Pictures left aside, return the lines below exactly, from the one with "The G33STS from" to the end, including both ends.

Source records:
■ ■ ■ ■

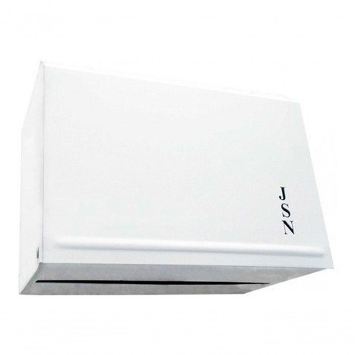 Produzido em chapa 0,6mm de aço carbono 1020 e acabamento pintura eletrostática branca (epóxi). O sistema de fechamento é feito através de fechadura em plástico ABS, que mantém o produto trancado, evitando, assim o furto do papel, bem como a abertura indevida da tampa do suporte, possui visor para controle da reposição do papel.
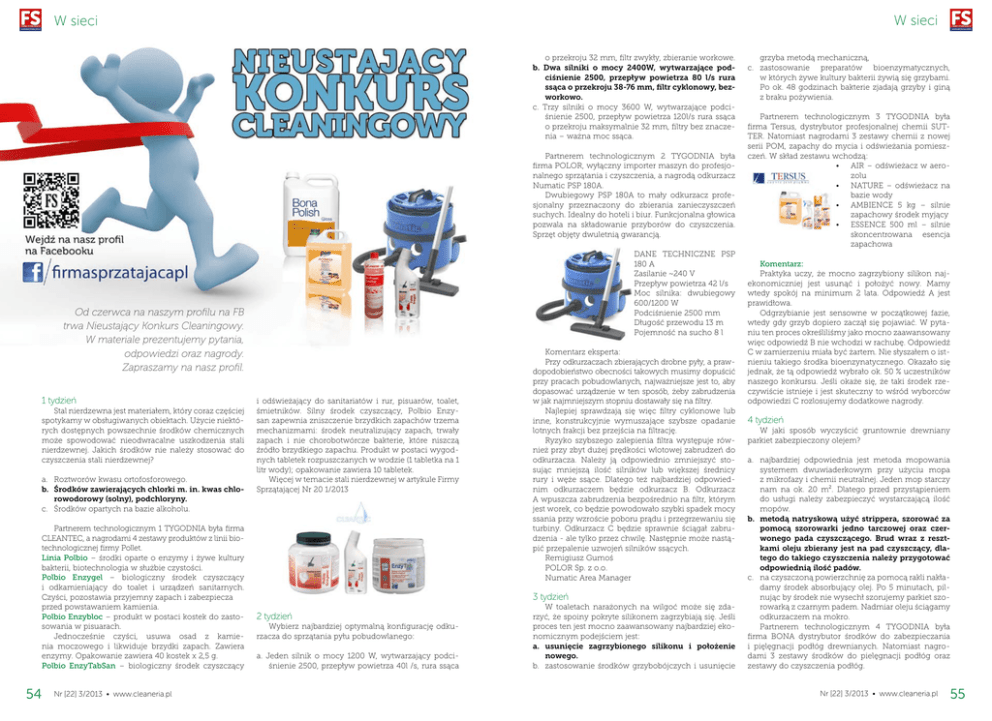 W sieci W sieci o przekroju 32 mm, filtr zwykły, zbieranie workowe. b. Dwa silniki o mocy 2400W, wytwarzające podciśnienie 2500, przepływ powietrza 80 l/s rura ssąca o przekroju 38-76 mm, filtr cyklonowy, bezworkowo. c. Trzy silniki o mocy 3600 W, wytwarzające podciśnienie 2500, przepływ powietrza 120l/s rura ssąca o przekroju maksymalnie 32 mm, filtry bez znaczenia – ważna moc ssąca. Partnerem technologicznym 2 TYGODNIA była firma POLOR, wyłączny importer maszyn do profesjonalnego sprzątania i czyszczenia, a nagrodą odkurzacz Numatic PSP 180A. Dwubiegowy PSP 180A to mały odkurzacz profesjonalny przeznaczony do zbierania zanieczyszczeń suchych. Idealny do hoteli i biur. Funkcjonalna głowica pozwala na składowanie przyborów do czyszczenia. Sprzęt objęty dwuletnią gwarancją. DANE TECHNICZNE PSP 180 A Zasilanie ~240 V Przepływ powietrza 42 l/s Moc silnika: dwubiegowy 600/1200 W Podciśnienie 2500 mm Długość przewodu 13 m Pojemność na sucho 8 l Od czerwca na naszym profilu na FB trwa Nieustający Konkurs Cleaningowy. W materiale prezentujemy pytania, odpowiedzi oraz nagrody. Zapraszamy na nasz profil. 1 tydzień Stal nierdzewna jest materiałem, który coraz częściej spotykamy w obsługiwanych obiektach. Użycie niektórych dostępnych powszechnie środków chemicznych może spowodować nieodwracalne uszkodzenia stali nierdzewnej. Jakich środków nie należy stosować do czyszczenia stali nierdzewnej? a. Roztworów kwasu ortofosforowego. b. Środków zawierających chlorki m. in. kwas chlorowodorowy (solny), podchloryny. c. Środków opartych na bazie alkoholu. Partnerem technologicznym 1 TYGODNIA była firma CLEANTEC, a nagrodami 4 zestawy produktów z linii biotechnologicznej firmy Pollet. Linia Polbio – środki oparte o enzymy i żywe kultury bakterii, biotechnologia w służbie czystości. Polbio Enzygel – biologiczny środek czyszczący i odkamieniający do toalet i urządzeń sanitarnych. Czyści, pozostawia przyjemny zapach i zabezpiecza przed powstawaniem kamienia. Polbio Enzybloc – produkt w postaci kostek do zastosowania w pisuarach. Jednocześnie czyści, usuwa osad z kamienia moczowego i likwiduje brzydki zapach. Zawiera enzymy. Opakowanie zawiera 40 kostek x 2,5 g. Polbio EnzyTabSan – biologiczny środek czyszczący 54 Nr [22] 3/2013 • www.cleaneria.pl i odświeżający do sanitariatów i rur, pisuarów, toalet, śmietników. Silny środek czyszczący, Polbio Enzysan zapewnia zniszczenie brzydkich zapachów trzema mechanizmami: środek neutralizujący zapach, trwały zapach i nie chorobotwórcze bakterie, które niszczą źródło brzydkiego zapachu. Produkt w postaci wygodnych tabletek rozpuszczanych w wodzie (1 tabletka na 1 litr wody); opakowanie zawiera 10 tabletek. Więcej w temacie stali nierdzewnej w artykule Firmy Sprzątającej Nr 20 1/2013 Komentarz eksperta: Przy odkurzaczach zbierających drobne pyły, a prawdopodobieństwo obecności takowych musimy dopuścić przy pracach pobudowlanych, najważniejsze jest to, aby dopasować urządzenie w ten sposób, żeby zabrudzenia w jak najmniejszym stopniu dostawały się na filtry. Najlepiej sprawdzają się więc filtry cyklonowe lub inne, konstrukcyjnie wymuszające szybsze opadanie lotnych frakcji bez przejścia na filtrację. Ryzyko szybszego zalepienia filtra występuje również przy zbyt dużej prędkości wlotowej zabrudzeń do odkurzacza. Należy ją odpowiednio zmniejszyć stosując mniejszą ilość silników lub większej średnicy rury i węże ssące. Dlatego też najbardziej odpowiednim odkurzaczem będzie odkurzacz B. Odkurzacz A wpuszcza zabrudzenia bezpośrednio na filtr, którym jest worek, co będzie powodowało szybki spadek mocy ssania przy wzroście poboru prądu i przegrzewaniu się turbiny. Odkurzacz C będzie sprawnie ściągał zabrudzenia - ale tylko przez chwilę. Następnie może nastąpić przepalenie uzwojeń silników ssących. Remigiusz Gumoś POLOR Sp. z o.o. Numatic Area Manager 3 tydzień 2 tydzień Wybierz najbardziej optymalną konfigurację odkurzacza do sprzątania pyłu pobudowlanego: a. Jeden silnik o mocy 1200 W, wytwarzający podciśnienie 2500, przepływ powietrza 40l /s, rura ssąca W toaletach narażonych na wilgoć może się zdarzyć, że spoiny pokryte silikonem zagrzybiają się. Jeśli proces ten jest mocno zaawansowany najbardziej ekonomicznym podejściem jest: a.usunięcie zagrzybionego silikonu i położenie nowego. b. zastosowanie środków grzybobójczych i usunięcie grzyba metodą mechaniczną, c. zastosowanie preparatów bioenzymatycznych, w których żywe kultury bakterii żywią się grzybami. Po ok. 48 godzinach bakterie zjadają grzyby i giną z braku pożywienia. Partnerem technologicznym 3 TYGODNIA była firma Tersus, dystrybutor profesjonalnej chemii SUTTER. Natomiast nagrodami 3 zestawy chemii z nowej serii POM, zapachy do mycia i odświeżania pomieszczeń. W skład zestawu wchodzą: • AIR – odświeżacz w aerozolu • NATURE – odświeżacz na bazie wody • AMBIENCE 5 kg – silnie zapachowy środek myjący • ESSENCE 500 ml – silnie skoncentrowana esencja zapachowa Komentarz: Praktyka uczy, że mocno zagrzybiony silikon najekonomiczniej jest usunąć i położyć nowy. Mamy wtedy spokój na minimum 2 lata. Odpowiedź A jest prawidłowa. Odgrzybianie jest sensowne w początkowej fazie, wtedy gdy grzyb dopiero zaczął się pojawiać. W pytaniu ten proces określiliśmy jako mocno zaawansowany więc odpowiedź B nie wchodzi w rachubę. Odpowiedź C w zamierzeniu miała być żartem. Nie słyszałem o istnieniu takiego środka bioenzynatycznego. Okazało się jednak, że tą odpowiedź wybrało ok. 50 % uczestników naszego konkursu. Jeśli okaże się, że taki środek rzeczywiście istnieje i jest skuteczny to wśród wyborców odpowiedzi C rozlosujemy dodatkowe nagrody. 4 tydzień W jaki sposób wyczyścić gruntownie drewniany parkiet zabezpieczony olejem? a. najbardziej odpowiednia jest metoda mopo
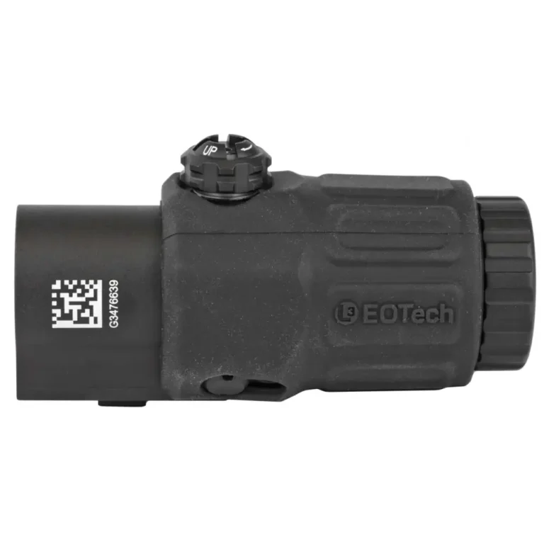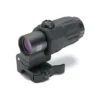 The G33STS from EOTech is a Gen III Magnifier with a Switch to Side (STS) mount, tool-free azimuth adjustment and an adjustable diopter for precise focusing. G33 is shorter and lighter than the G23, with an improved mount for faster 3x to 1x transitioning and a larger field of view. It is fogproof, temperature rated for -40 to +160 degrees F, and waterproof to 10 meters. The Quick STS mount twists the magnifier out of the way for shorter range shots, locking in that position until pushed back into place for magnified viewing.The G33 also offers a locking, quick detach lever for the optic and the mount. It aligns with standard-height sights, and comes with a 7mm riser to accommodate raised sights.
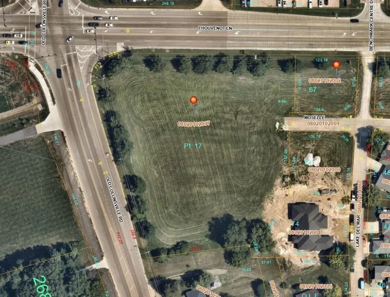 HIGHLY VISIBLE 3.25+/- ACRES COMMERCIAL LOCATION AT THE CORNER OF OLD COLLINSVILLE RD & FRANK SCOTT PARKWAY. HIGH TRAFFIC COUNT. ALL UTILITIES AND SEWER ARE AVAILBLE AT ADJOINING PROPERTY. TAXES NOT YET FULLY ASSESSED. INCLUDES 2 PARCELS 08-02.0-102-007 & 002 AGENT INTEREST. Location: Corner Location, High Traffic
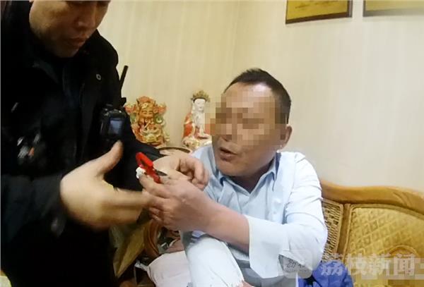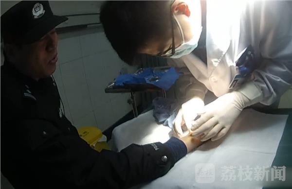 在3月5号晚上9点多钟,徐州市云龙区新生派出所辖区发生一起家庭纠纷,民警赶到现场调解时,纠纷中的一名男子非常激动,手持剪刀去刺自己的大舅哥,出警民警立刻上前制止,并徒手夺下剪刀。在民警徒手夺剪刀的过程中,民警的手部被剪刀刺伤,缝了8针。3月7日中午,记者在新生派出所见到了刺伤民警的男子,男子痛哭流涕后悔不已。
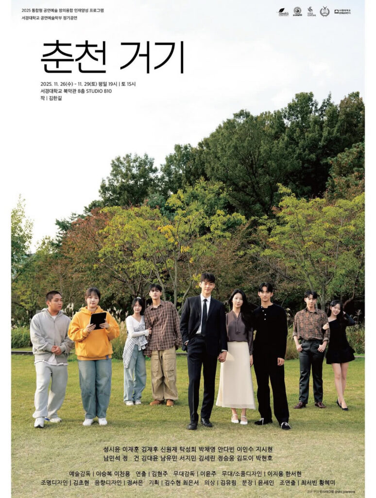 서경대학교 공연예술학부 2025학년도 통합형 창의융합 인재양성 프로그램 여섯 번째 정기공연 연극 ‘춘천 거기’가 11월 26일 (수)부터 29일 (토)까지 사흘 간 평일 오후 7시, 주말 오후 3시에 서경대학교 북악관 스튜디오 810에서 성황리에 개최됐다.

■ ■ ■ ■

● Task result:
 The G33STS from EOTech is a Gen III Magnifier with a Switch to Side (STS) mount, tool-free azimuth adjustment and an adjustable diopter for precise focusing. G33 is shorter and lighter than the G23, with an improved mount for faster 3x to 1x transitioning and a larger field of view. It is fogproof, temperature rated for -40 to +160 degrees F, and waterproof to 10 meters. The Quick STS mount twists the magnifier out of the way for shorter range shots, locking in that position until pushed back into place for magnified viewing.The G33 also offers a locking, quick detach lever for the optic and the mount. It aligns with standard-height sights, and comes with a 7mm riser to accommodate raised sights.
 HIGHLY VISIBLE 3.25+/- ACRES COMMERCIAL LOCATION AT THE CORNER OF OLD COLLINSVILLE RD & FRANK SCOTT PARKWAY. HIGH TRAFFIC COUNT. ALL UTILITIES AND SEWER ARE AVAILBLE AT ADJOINING PROPERTY. TAXES NOT YET FULLY ASSESSED. INCLUDES 2 PARCELS 08-02.0-102-007 & 002 AGENT INTEREST. Location: Corner Location, High Traffic
 在3月5号晚上9点多钟,徐州市云龙区新生派出所辖区发生一起家庭纠纷,民警赶到现场调解时,纠纷中的一名男子非常激动,手持剪刀去刺自己的大舅哥,出警民警立刻上前制止,并徒手夺下剪刀。在民警徒手夺剪刀的过程中,民警的手部被剪刀刺伤,缝了8针。3月7日中午,记者在新生派出所见到了刺伤民警的男子,男子痛哭流涕后悔不已。
 서경대학교 공연예술학부 2025학년도 통합형 창의융합 인재양성 프로그램 여섯 번째 정기공연 연극 ‘춘천 거기’가 11월 26일 (수)부터 29일 (토)까지 사흘 간 평일 오후 7시, 주말 오후 3시에 서경대학교 북악관 스튜디오 810에서 성황리에 개최됐다.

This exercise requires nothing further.